Semantic search goes beyond traditional keyword matching by understanding the contextual meaning of search queries. Instead of simply matching exact words, semantic search systems capture the intent and contextual definition of the query and return relevant results even when they don’t contain the same keywords.

In this tutorial, we’ll implement a semantic search system using Sentence Transformers, a powerful library built on top of Hugging Face’s Transformers that provides pre-trained models specifically optimized for generating sentence embeddings. These embeddings are numerical representations of text that capture semantic meaning, allowing us to find similar content through vector similarity. We’ll create a practical application: a semantic search engine for a collection of scientific abstracts that can answer research queries with relevant papers, even when the terminology differs between the query and relevant documents.
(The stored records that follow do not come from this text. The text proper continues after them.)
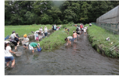
府中灌溉水(农林水产省:全国跳水百选) [B-4/C-4 etc.]

这是中世贵族城堡的遗迹,这里留下了许多武藏野的树林。每年 4 月下旬可以观赏赏樱,8 月下旬可以观赏日本的狐狸剃刀草。
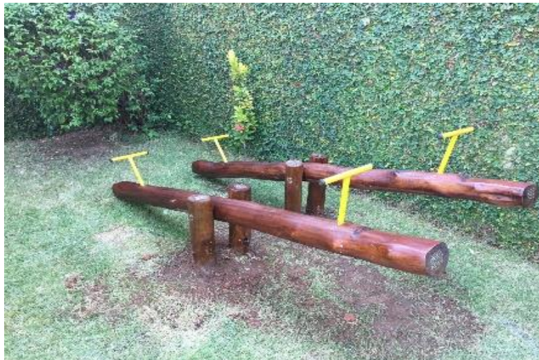
Imagem 10. Modelo de gangorra (ilustrativa)

A gangorra dupla deverá ser executada em tronco de eucalipto tratado em autoclave de 2,50 m x 1,00 m. Ver imagem 10.
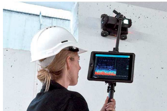
GPR LIVE combinado com a haste telescópica com suporte para tablet

First, let’s install the necessary libraries in our Colab notebook:

!pip install sentence-transformers faiss-cpu numpy pandas matplotlib datasets

Now, let’s import the libraries we’ll need:

import numpy as np
import pandas as pd
import matplotlib.pyplot as plt
from sentence_transformers import SentenceTransformer
import faiss
from typing import List, Dict, Tuple
import time
import re
import torch

For our demonstration, we’ll use a collection of scientific paper abstracts. Let’s create a small dataset of abstracts from various fields:

abstracts = [
    {
        "id": 1,
        "title": "Deep Learning for Natural Language Processing",
        "abstract": "This paper explores recent advances in deep learning models for natural language processing tasks. We review transformer architectures including BERT, GPT, and T5, and analyze their performance on various benchmarks including question answering, sentiment analysis, and text classification."
    },
    {
        "id": 2,
        "title": "Climate Change Impact on Marine Ecosystems",
        "abstract": "Rising ocean temperatures and acidification are severely impacting coral reefs and marine biodiversity. This study presents data collected over a 10-year period, demonstrating accelerated decline in reef ecosystems and proposing conservation strategies to mitigate further damage."
    },
    {
        "id": 3,
        "title": "Advancements in mRNA Vaccine Technology",
        "abstract": "The development of mRNA vaccines represents a breakthrough in immunization technology. This review discusses the mechanism of action, stability improvements, and clinical efficacy of mRNA platforms, with special attention to their rapid deployment during the COVID-19 pandemic."
    },
    {
        "id": 4,
        "title": "Quantum Computing Algorithms for Optimization Problems",
        "abstract": "Quantum computing offers potential speedups for solving complex optimization problems. This paper presents quantum algorithms for combinatorial optimization and compares their theoretical performance with classical methods on problems including traveling salesman and maximum cut."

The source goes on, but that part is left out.